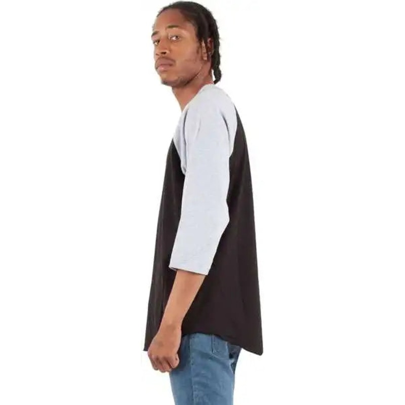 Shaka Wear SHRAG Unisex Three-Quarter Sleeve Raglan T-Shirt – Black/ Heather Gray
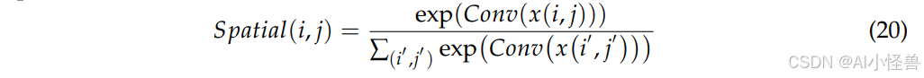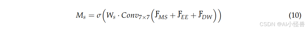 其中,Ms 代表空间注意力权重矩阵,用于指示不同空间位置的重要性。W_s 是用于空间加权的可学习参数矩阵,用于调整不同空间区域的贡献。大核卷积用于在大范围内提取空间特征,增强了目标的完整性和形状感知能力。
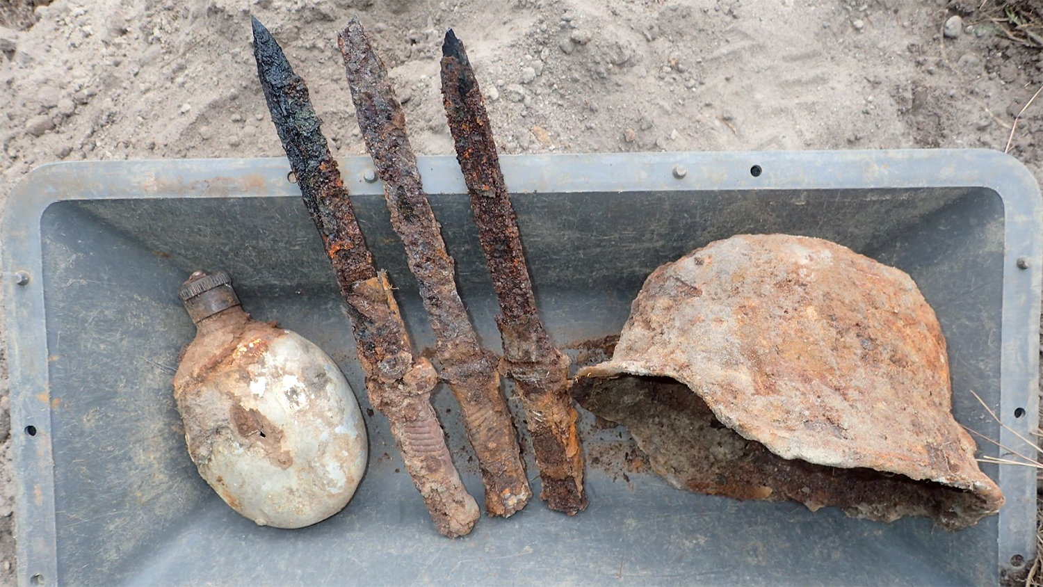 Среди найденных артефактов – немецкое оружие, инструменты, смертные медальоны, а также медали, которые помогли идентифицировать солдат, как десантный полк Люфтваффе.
--
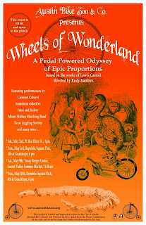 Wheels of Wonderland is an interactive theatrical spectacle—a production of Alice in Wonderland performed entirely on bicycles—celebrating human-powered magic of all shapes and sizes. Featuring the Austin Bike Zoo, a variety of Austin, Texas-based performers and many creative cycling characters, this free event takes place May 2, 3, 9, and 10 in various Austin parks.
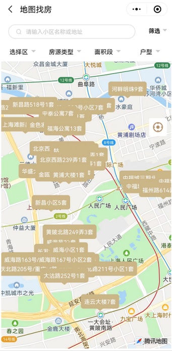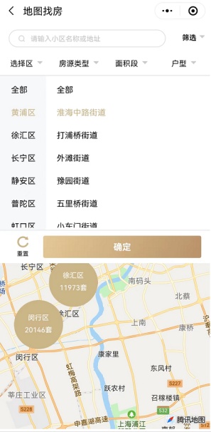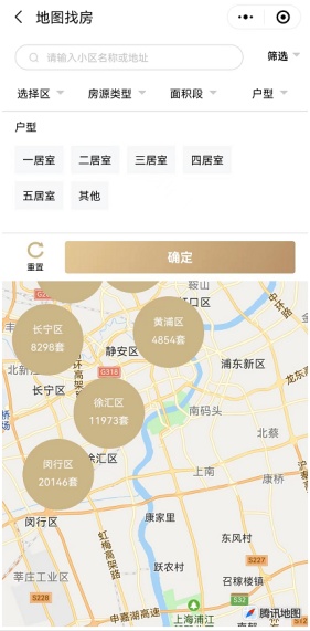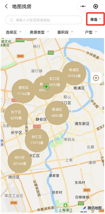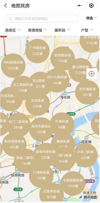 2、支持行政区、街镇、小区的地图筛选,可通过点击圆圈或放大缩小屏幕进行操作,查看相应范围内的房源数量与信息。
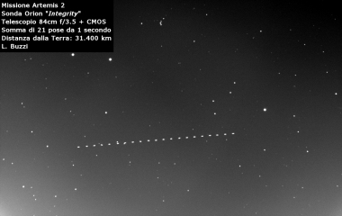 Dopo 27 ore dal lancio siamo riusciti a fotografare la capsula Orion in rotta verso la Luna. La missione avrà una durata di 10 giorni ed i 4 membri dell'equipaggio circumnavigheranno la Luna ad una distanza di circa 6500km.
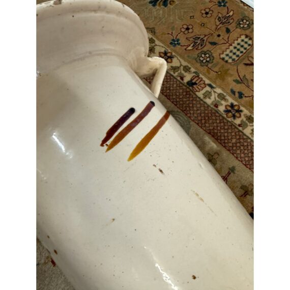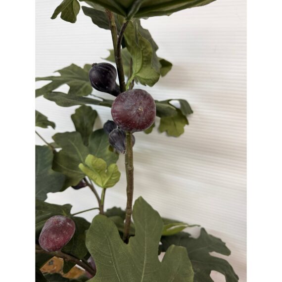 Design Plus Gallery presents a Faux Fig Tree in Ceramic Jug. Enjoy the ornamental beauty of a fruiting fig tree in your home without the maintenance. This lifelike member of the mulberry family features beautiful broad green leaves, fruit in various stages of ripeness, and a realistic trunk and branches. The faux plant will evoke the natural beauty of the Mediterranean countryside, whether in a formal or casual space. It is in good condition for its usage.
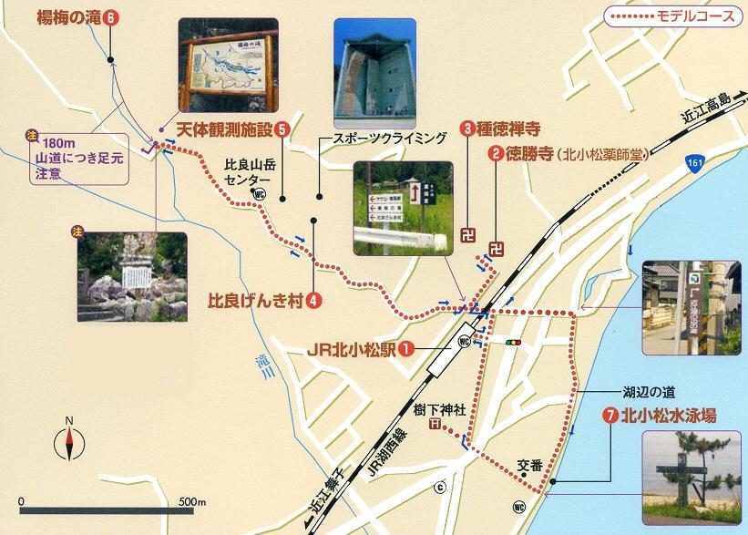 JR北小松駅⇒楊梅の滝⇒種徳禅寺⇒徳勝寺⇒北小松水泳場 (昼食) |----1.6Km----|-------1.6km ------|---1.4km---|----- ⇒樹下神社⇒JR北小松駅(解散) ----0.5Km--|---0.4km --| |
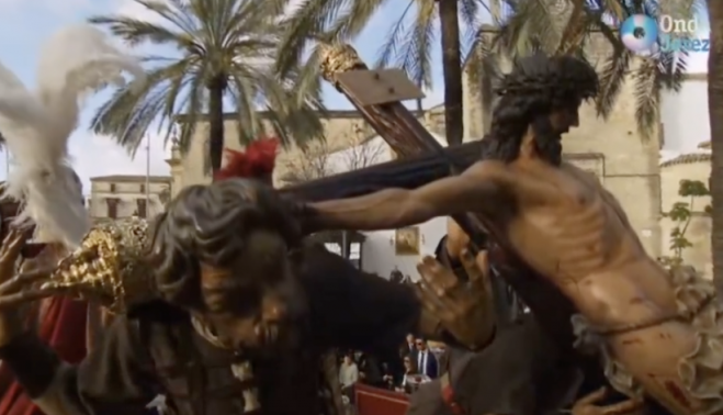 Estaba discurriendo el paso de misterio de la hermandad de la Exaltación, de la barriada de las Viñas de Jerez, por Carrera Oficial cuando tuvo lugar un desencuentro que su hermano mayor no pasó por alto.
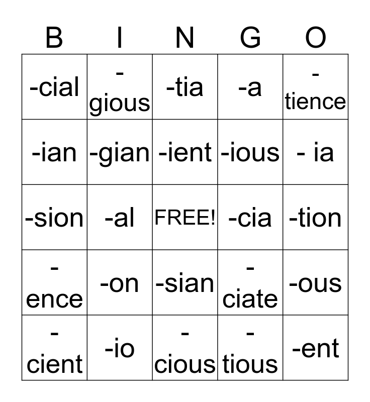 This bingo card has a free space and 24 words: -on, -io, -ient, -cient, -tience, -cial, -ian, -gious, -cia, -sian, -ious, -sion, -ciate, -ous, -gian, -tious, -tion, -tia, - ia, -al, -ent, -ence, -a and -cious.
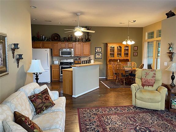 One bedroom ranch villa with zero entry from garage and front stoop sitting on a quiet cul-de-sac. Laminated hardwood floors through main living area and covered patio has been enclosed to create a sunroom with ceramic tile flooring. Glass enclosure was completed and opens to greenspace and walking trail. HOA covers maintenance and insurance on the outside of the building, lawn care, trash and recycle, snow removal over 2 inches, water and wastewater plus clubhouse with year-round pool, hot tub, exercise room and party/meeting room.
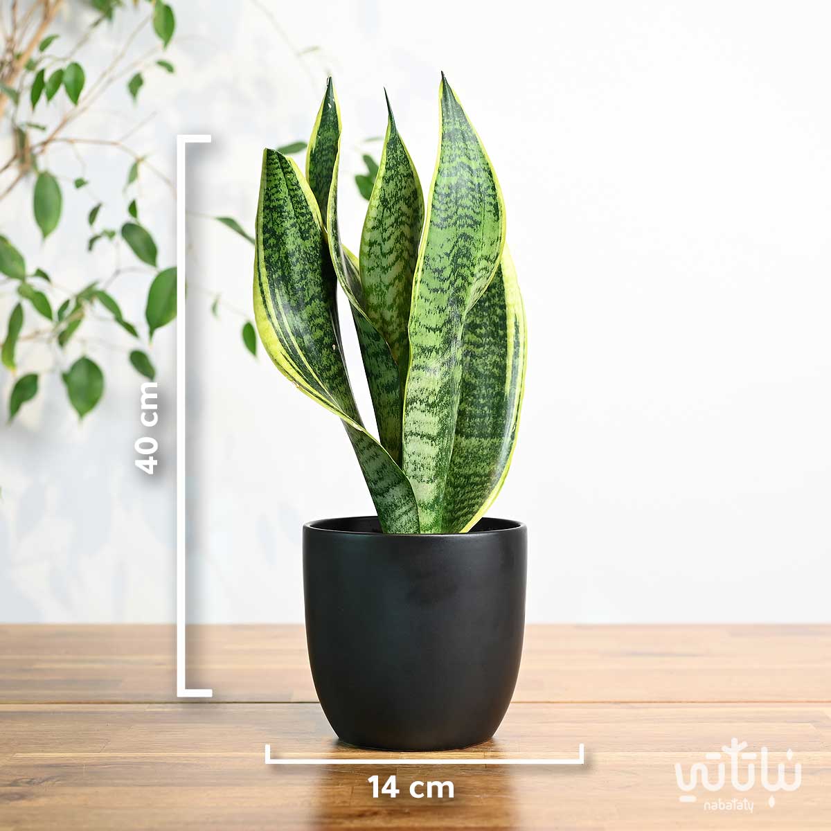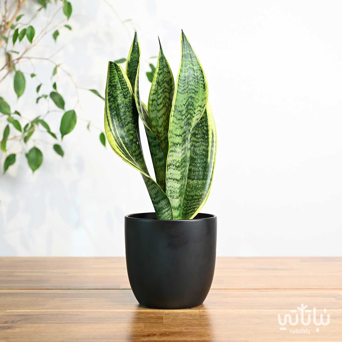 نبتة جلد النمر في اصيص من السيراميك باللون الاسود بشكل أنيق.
* * *
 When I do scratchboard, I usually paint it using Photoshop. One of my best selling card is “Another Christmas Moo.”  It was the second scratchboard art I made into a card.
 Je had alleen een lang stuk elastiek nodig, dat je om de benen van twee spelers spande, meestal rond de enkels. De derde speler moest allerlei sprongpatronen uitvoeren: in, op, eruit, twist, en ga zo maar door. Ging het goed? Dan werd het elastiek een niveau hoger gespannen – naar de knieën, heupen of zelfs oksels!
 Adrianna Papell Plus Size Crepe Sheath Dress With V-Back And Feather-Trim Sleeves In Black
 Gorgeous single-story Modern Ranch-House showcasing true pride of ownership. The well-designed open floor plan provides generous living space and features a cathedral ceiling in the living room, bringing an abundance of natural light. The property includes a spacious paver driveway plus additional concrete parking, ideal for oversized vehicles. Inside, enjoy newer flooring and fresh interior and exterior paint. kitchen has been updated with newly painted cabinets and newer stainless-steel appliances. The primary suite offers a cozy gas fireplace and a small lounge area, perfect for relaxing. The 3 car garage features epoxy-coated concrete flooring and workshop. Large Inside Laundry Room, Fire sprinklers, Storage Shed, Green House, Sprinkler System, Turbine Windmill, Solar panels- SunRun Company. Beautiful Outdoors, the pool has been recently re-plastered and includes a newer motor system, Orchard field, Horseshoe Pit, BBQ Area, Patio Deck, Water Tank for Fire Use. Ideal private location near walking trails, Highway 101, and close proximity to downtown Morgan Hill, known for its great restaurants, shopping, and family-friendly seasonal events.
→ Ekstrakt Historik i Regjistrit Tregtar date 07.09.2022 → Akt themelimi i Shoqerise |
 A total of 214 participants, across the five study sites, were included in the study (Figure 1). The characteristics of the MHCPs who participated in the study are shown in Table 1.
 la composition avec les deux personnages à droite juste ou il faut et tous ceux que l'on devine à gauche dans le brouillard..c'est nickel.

> _WHAT NEEDS TO BE DONE_
What you write out is the stretch of entries from the line containing "Shaka Wear SHRAG" to the line containing "Среди найденных артефактов", word for word, with both end lines and no pictures.

> _ANSWER SECTION_
 Shaka Wear SHRAG Unisex Three-Quarter Sleeve Raglan T-Shirt – Black/ Heather Gray
 其中,Ms 代表空间注意力权重矩阵,用于指示不同空间位置的重要性。W_s 是用于空间加权的可学习参数矩阵,用于调整不同空间区域的贡献。大核卷积用于在大范围内提取空间特征,增强了目标的完整性和形状感知能力。
 Среди найденных артефактов – немецкое оружие, инструменты, смертные медальоны, а также медали, которые помогли идентифицировать солдат, как десантный полк Люфтваффе.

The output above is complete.